レビューした作品一覧全4件
右肩上がりに面白くなる!
投稿日:2023年8月19日
 右肩上がりに面白くなる作品です。  初め、主人公や登場人物の独特な口調や価値観に戸惑ったけれど、読み進めて良かったと心の底から思いました。  キャラクターは誰も彼も個性が強くて、表情まで浮かんでくるように生き生きしているし、物語の展開も全く予想がつかなくてワクワクします。  何より主人公がカッコ良すぎて惚れる。特別、カッコつけようとか思ってないのにいちいち行動がかっこいい主人公にハマります。  おすすめです。    
筆力が高い。 誤字脱字もほとんど無く、文法も綺麗で読んでいるだけで気持ち良くなれる。 一文一文の長さや行間が適切で可読性が高い。 淡々と執拗なほど丁寧に主人公の人生を描いている。
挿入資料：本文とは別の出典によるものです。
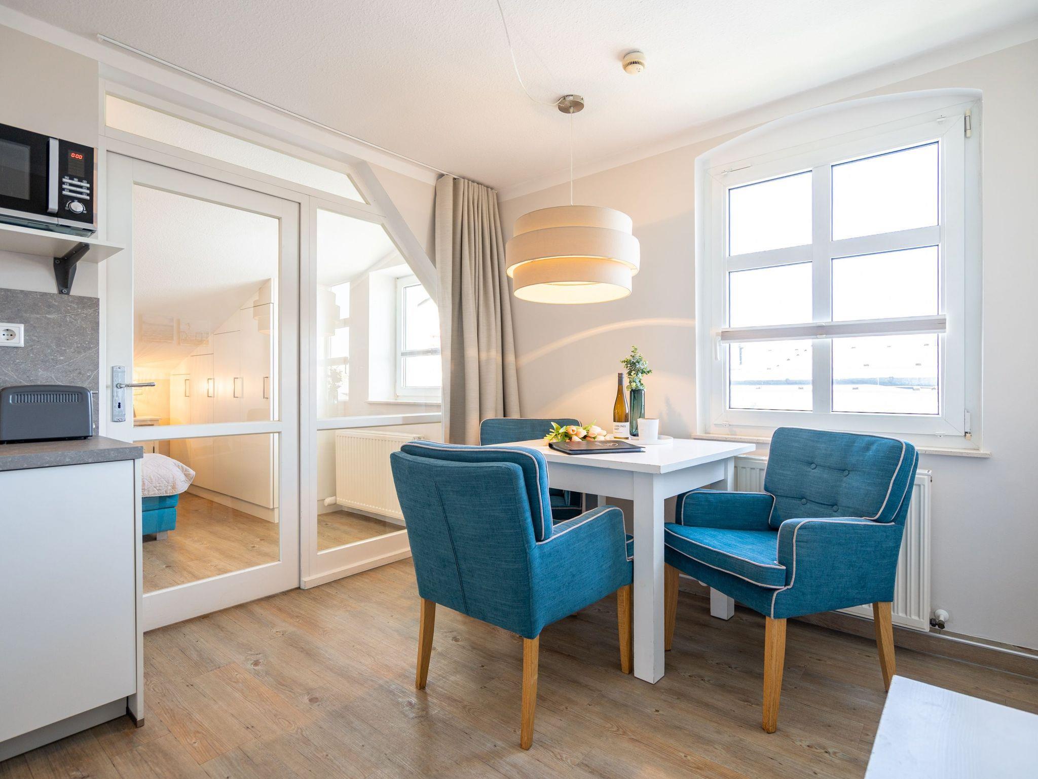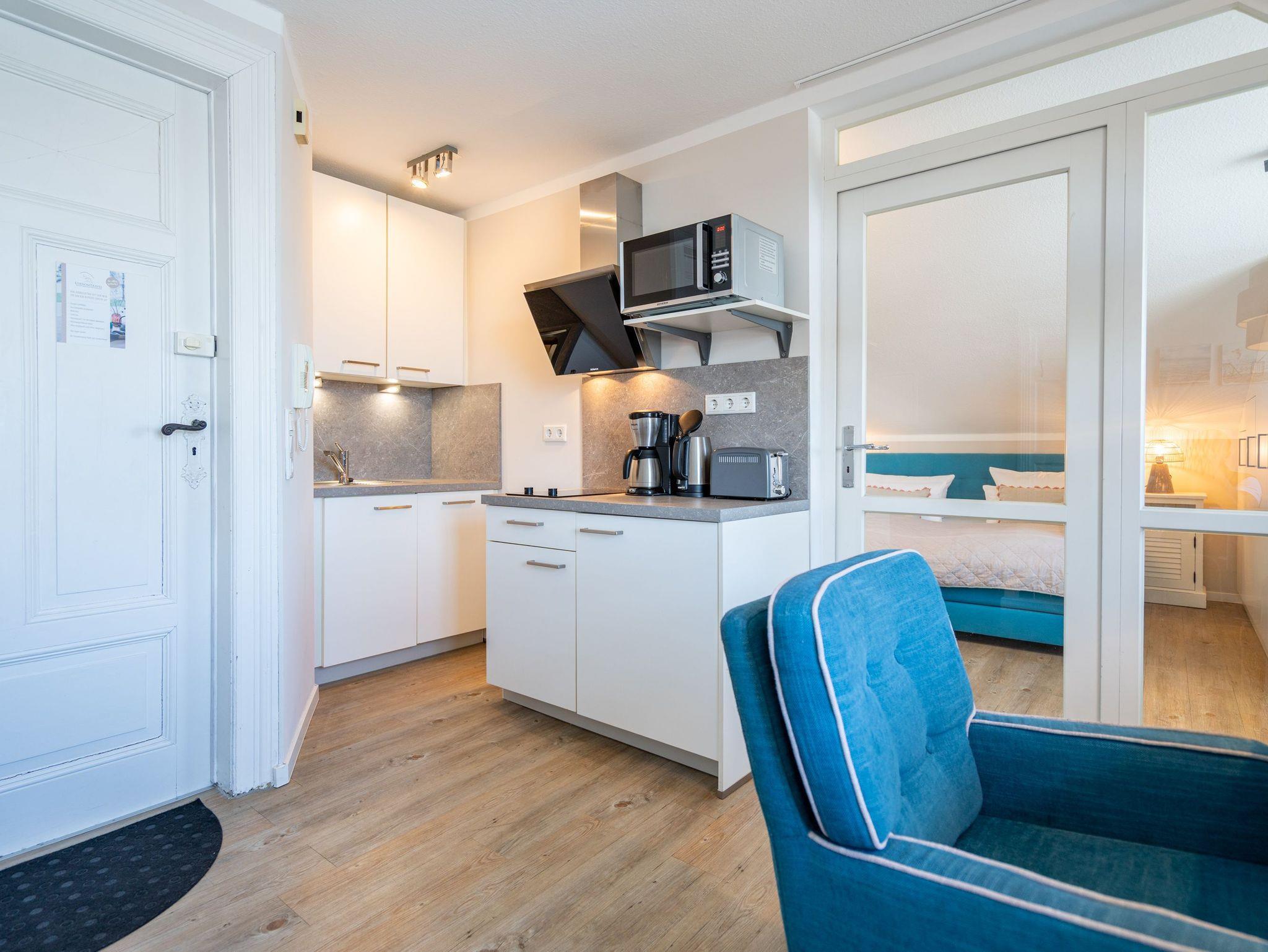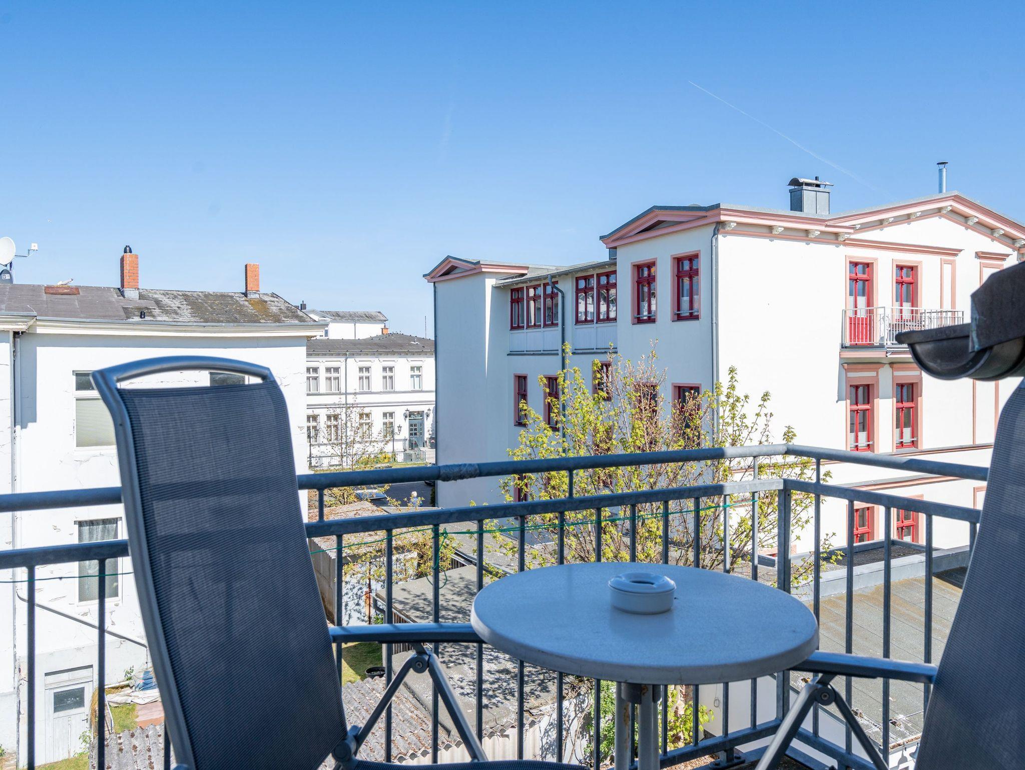 Heimelig wohnen unter dem Dach der Villa Albertine! Freuen Sie sich auf ein gemütliches 1,5-Raum-Appartement (36 qm) mit Suite Charakter. Neu gestaltet und mit modernen Möbeln ausgestattet ist es ein ideales Urlaubziel für 2 Personen. Der helle Wohn-/Schlafbereich ist mit einem komfortablen Boxspringdoppelbett (1,80m x 2,00m), Flat-TV und zwei bequemen Ohrensesseln ausgestattet. Von hier aus hat man Zugang zum Westbalkon mit kleiner Sitzgruppe. Die separate Küche (2-Platten-Cerankochfeld, Geschirrspüler und Mikrowelle) verfügt über einen schönen Essplatz. Von hier können Sie auf die Ostsee blicken. Ein Bad mit Dusche rundet dieses Appartement ab. Ein PKW-Stellplatz Nr. 10 befindet sich unter einem Carport direkt auf dem Grundstück.

まるで大河ドラマでも見ているような読後感。 能力バトルや恋愛なんかの分かりやすい面白さに頼ってない。頼らずとも面白い。 作中の武術や魔法、国ごとの文化等の設定もしっかりしているので本当にそういう別世界があるように感じられる。 主人公の周りのキャラクターが誰も彼も魅力的な作品。
心温まる褐色エルフの異世界旅
投稿日:2022年8月20日
 一話目から凄い。  タイトルの通り「私はおじさんである」という一文からこの物語は始まります。  そこからおじさんの独白が始まったかと思えば、シームレスに異世界にTS転移します。  そんな異常事態に見舞われているにも関わらず淡々とした筆致でおじさんの心情や情景が描写されていくものですからそのギャップがまぁ面白い。  ジャンルは間違いなくハイファンタジーなのに何か文学作品のような読み味です。  この作品にはドラマチックな恋愛や派手な能力バトル等はありません。  ただただ高い筆力で、元おじさんのグラマラス褐色エルフさんが素敵な仲間達と異世界を旅する物語です。  異世界の常識に悩み、人との関係に悩む、そんな等身大の悩める主人公が好きです。  お勧めです。   
完全で不完全な少女の素敵な縁のお話
投稿日:2021年10月27日 改稿日:2021年10月27日
 主人公のクリシェは目的の為ならば手段を選びません。  それが常人の感覚では眉を顰めるような事であってもなんの痛痒も感じません。  またそれを押し通せるだけの隔絶した能力を持ち、その意味で誰よりも純粋で完全です。  そして完全な純粋さというものは排斥されて然るべき異質以外の何物でもありません。  しかし本作の主人公は素敵な縁に恵まれていました。  主人公の淀みのない純粋な心や異質さを含めたありのままを受け止め、導き、愛してくれる人々に出会っていきます。  そしてその出会いはいつしか主人公の完全さを失わせていきますが、それはとても良いことなのだと素直に思える作品になっています。  戦記を下地とした、この登場人物達の黒でも白でもない思いや欲望、愛憎を是非ご覧になってください。